Two local health care companies this month announced new president positions to guide their ambitious expansion efforts.
On June 14, Duarte-based cancer research and treatment institution City of Hope announced it had hired Philip Okala, chief operating officer at the University of Pennsylvania Health System, as the organization’s first system president. In his role, Okala will be responsible for City of Hope’s portfolio of clinical care and research entities.

In recent years City of Hope has grown far beyond its flagship campus in Duarte. It has expanded its clinical network in Southern California, and in 2016 acquired Phoenix-based Translational Genomics Research Institute. City of Hope is also investing $1 billion on a cancer treatment and hospital complex in Irvine. The first building, the Lennar Cancer Treatment Center, is set to open later this year; an inpatient hospital building is planned to open in 2025.

In December, the organization announced it was acquiring Boca Raton, Florida-based Cancer Treatment Centers of America in a deal reportedly worth about $400 million. Okala, who is scheduled to join City of Hope in September, will oversee all of these facilities and operations, as well as the medical foundation and clinical and research operations. He will report to Chief Executive Robert Stone.

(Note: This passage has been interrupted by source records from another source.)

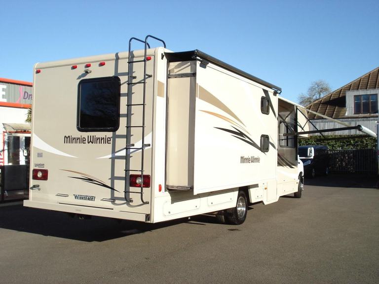 Winnebago 31H Minnie Winnie Bunkhouse with the following spec. Two huge slide outs with slide toppers. Ford E450 triton Petrol with Long range LPG conversion. 6sp. Auto torque shift . Various outside roto cast lockers plus rear through locker. Sleeps 8/9 with Rear East west Queen island bed in end bedroom. Ample storage cupboards and wardrobe space. X2 full size bunk beds. Good size shower room with W.C. and vanity wash basin. All laminated type flooring. Kitchen area with all fitted appliances. Bed settee and dinette Plus huge over cab bed. Seat belted throughout.Ice cold roof air conditioning. Thermosticly controlled central heating Fitted security safe. Front area 32”T.V Full 110/240/12v electrics with on board 4 KVA Onan generator. Reversing camera. Cold air cockpit air conditioningUK spec. Tow hitch. Elec Sun awning. Beach shower. One private USA and one private UK owner. All manuals and documentation history from new. Insurance approved alarm immobiliser. Fitted tracker. Perfect set up for familly long term living.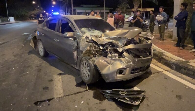 ที่เกิดเหตุพบรถเก๋ง ยี่ห้อนิสสัน อัลเมร่า ทะเบียน ชลบุรี สภาพด้านหน้าพังยับจอดอยู่ ตรวจสอบพบมีผู้บาดเจ็บจำนวน 5 ราย ติดอยู่ภายในรถ เจ้าหน้าที่จึงเร่งให้การช่วยเหลือนำตัวผู้บาดเจ็บทั้ง 5 รายออกมา จากการตรวจสอบพบว่าทั้งหมดเป็นนักศึกษาของมหาวิทยาลัยแห่งหนึ่ง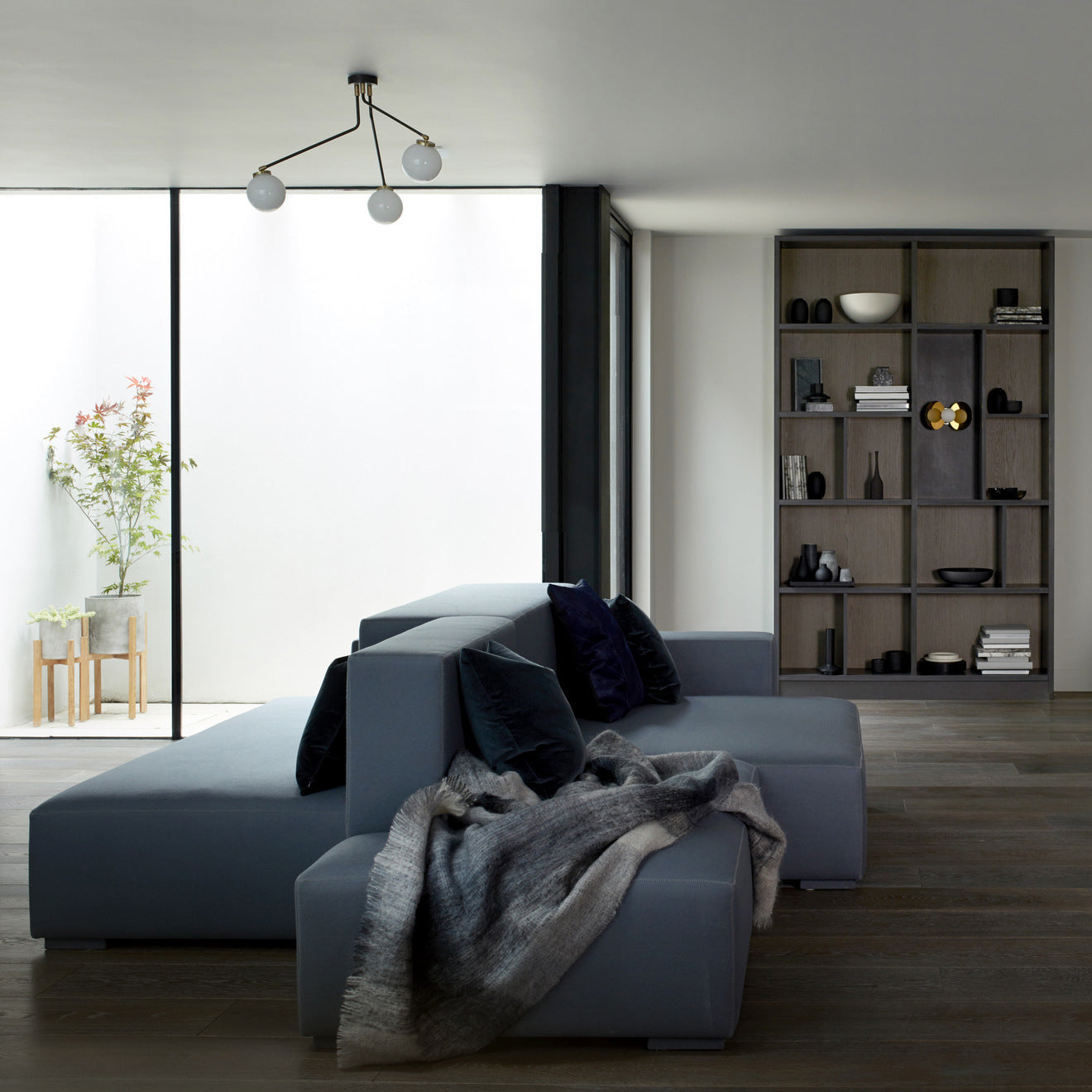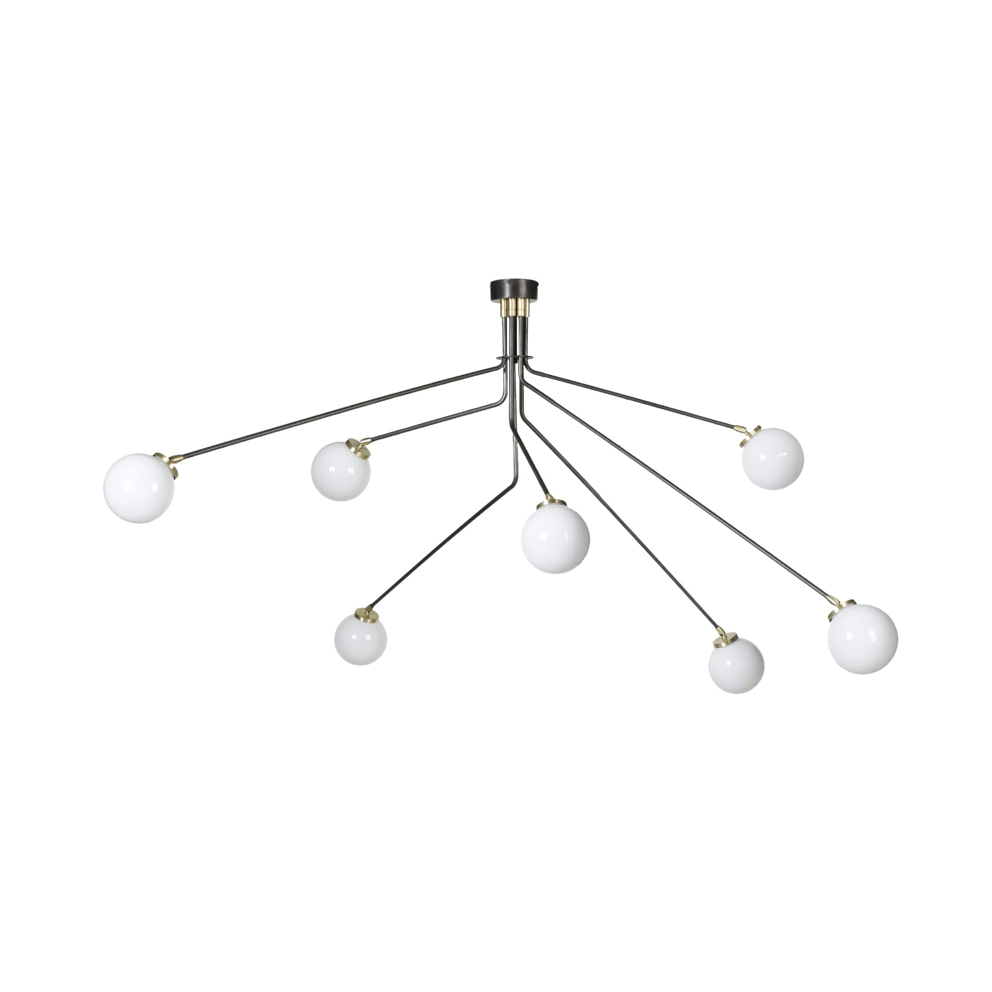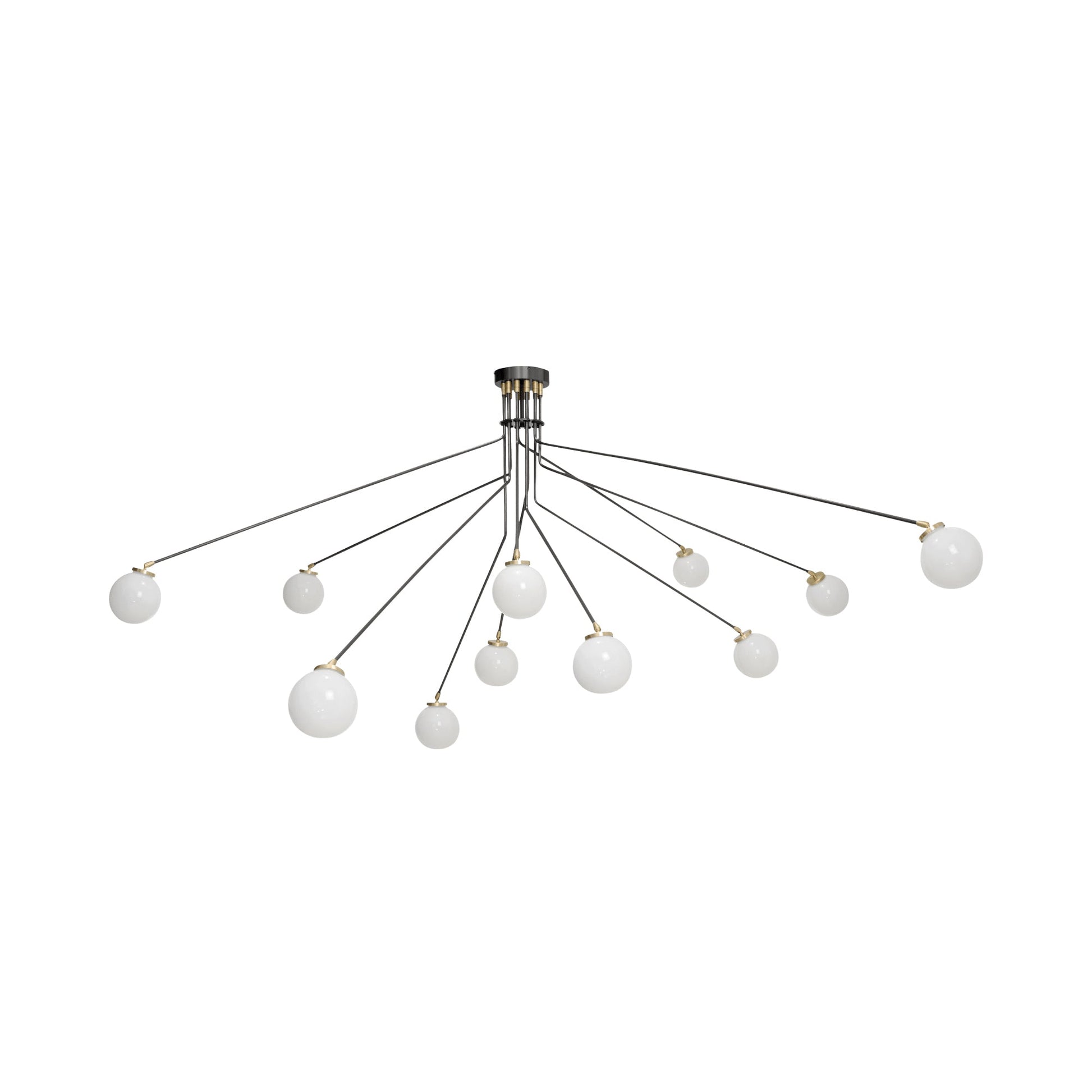 Inspired by the Italy of the 60’s. Familiar yet modern, its distinctive form with rotating arms and hand-blown white shades allow the sculptural piece to be repositioned. The metalwork is brass, then black and hand waxed which contrasts with the brass detailing.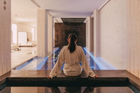 O circuito de bem-estar inclui uma piscina coberta rodeada de mármore, sauna, hammam, duchas sensoriais e tratamentos faciais e corporais com Carita, marca pioneira em cosméticos de alta costura, lançada em 1945. Iluminação suave, linhas minimalistas e atendimento personalizado transformam cada sessão em muito mais do que uma pausa: é uma redescoberta da elegância de se sentir bem.

“His (Okala’s) expertise will be immensely valuable as we further our goal to democratize cancer care and create a system that develops the next generation of research discoveries, treatment and care and makes them accessible to more patients, families and communities across the country,” Stone said in the hiring announcement.

Okala said this broader approach convinced him to leave the University of Pennsylvania.
“City of Hope’s vision to make cancer care more accessible to more people across the country is part of what really attracted me and got me excited about the opportunity,” he said.

Just two days after the Okala announcement, Santa Monica-based TigerConnect, a clinical collaboration platform, on June 16 announced the appointment of Melissa Bell as its first president. She began her duties on June 1 and is responsible for sales, marketing, revenue operations, solution design and clinical consulting; she reports directly to Chief Executive Brad Brooks, TigerConnect uses a cloud-based communications and workflow platform that enables doctors, medical specialists, nurses, home health care providers, patients and administrative personnel to share information such as appointments, diagnoses, medication prescriptions and usage, as well as procedures performed.

Bell is the latest in a series of hires TigerConnect made in recent months as it embarks on what it calls “aggressive growth” in the second half of this year. The growth strategy stems from a $300 million investment announced Jan. 11 from New York private equity firm Vista Equity Partners. Among the other recent hires: a new chief revenue officer and a vice president of strategic programs.